Fast forward to the last half a year, her doctor has been dramatically cutting down on the same prescription she has taken for the last 10+ years every single month she has to see him. And when I say dramatically, I mean dramatically. Literally offering no alternative, just "sorry," this is your new reality. Her condition has not improved and only deteriorated. If anything let's be real, she probably needs more as she has grown a tolerance to it and it keeps getting worse. Her spine is literally collapsing on her organs. It is really fucked up beyond belief. There are people who legitimately need them like my mother, and because of all the fuckery that has gone on with fucked up doctors handing them out like candy, people like my mother get fucked.
 

bunbun777

Member
Oct 29, 2017
1,801
Nw
It should all be legal. Our societies need help and punishment isn't helping. We need to treat all drug addiction for what it is, not a crime but a sickness.
 

Deleted member 11413

User requested account closure
Banned
Oct 27, 2017
22,961
I agree, but have to ask...how do you deal with people whose drug addiction has made them a danger to others? And some of these people would consider any kind of forced rehab a prison sentence? I genuinely have no idea. This isn't rhetorical.
People who suffer from addiction aren't inherently dangerous. Sometimes addicts go to desperate lengths to feed their addiction, but by treating the illness before things get desperate that behavior can be avoided. Ideally you would have them receive drug rehabilitation through a reputable program administered by licensed therapists and psychiatrists.
 

Deleted member 31817

Nov 7, 2017
30,876
I was about to say, in every hospital system I've worked in this is a massive no-no.
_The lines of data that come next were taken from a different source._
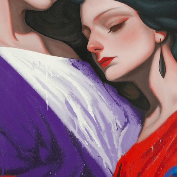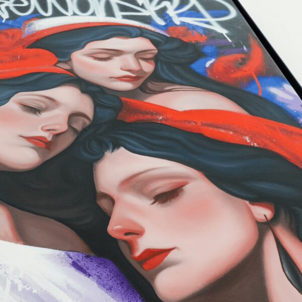 The motive is a reimagination of Raffaello Santis painting of the three graces. The three women represent the stages of development of women. In greek mythology they are also known for bringing gifts to humanity like mirth, elegance and beauty.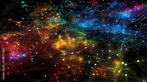 Abstract network of colorful lines and dots on a dark background. Represents connection, data flow, and vibrant digital communication.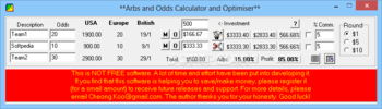 You are allowed to add the odds in three formats, namely American, European or British, enter an investment amount that is used for calculating the bets on different legs (bookmakers), and optimize the dollar amount to give a maximum return. The arbitrage values are shown in different formats regardless of the entry format.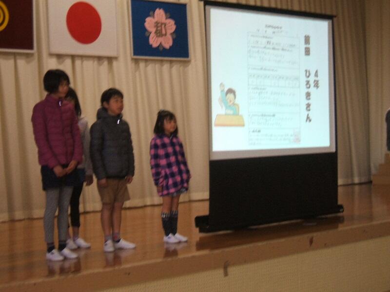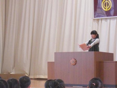 その後、2年生の代表児童2名による作文発表がありました。2学期に頑張ったこと、これから頑張りたいことを、語尾まではっきり、堂々と発表することができました。

Really the best doctors will get is a free Chinese Buffett lunch and some pens to hear about a new drug.
Yeah the idea that doctors are incentivized to prescribe addictive drugs is a weird one. I mean maybe shitty individual out practice doctors, but as far as hospitals and stuff?

Ehhh
 

wafflebrain

Member
Oct 27, 2017
10,238
I really hope all the various lawsuits states have filed against Purdue Pharma (Oxy maker) will also lead to states creating systems like you mention OP for rehab for those that turn to schedule I substances. Grew up next to a guy that never seemed like the addictive personality type, typical straight A popular guy in school, sharp wit and was always super nice to everybody. Fell in with a crowd that did Oxy recreationally and that was that, had to drop out of college and move back home. Talking to him after he went through rehab a second time was like talking to a different person entirely, his attention span was shot and he could barely hold a conversation beyond a few beats :/
 

DocTarHeel

Member
Oct 25, 2017
88
I think this post is missing an explanation.

I'm a physician. We don't get any extra "kickback," compensation, or other incentive for prescribing narcotics. In fact, its the opposite and we are heavily disincentivized from prescribing them. In my state, all narcotic prescriptions are monitored and logged into a database. We recently passed a law that requires several extra steps before narcotics can be prescribed (including reviewing the database) and limiting the initial prescription to no more than 5 days worth of pills. You can lose your medical license (and several physicians have) for inappropriately or overprescribing narcotics.

It is true that in the late 90s and early 2000s, physicians felt pressured to "over treat" patient's pain leading to increasing narcotic prescriptions, but that was more of a managed care / government / regulatory body issue than a big pharma issue and those days are long past in any case.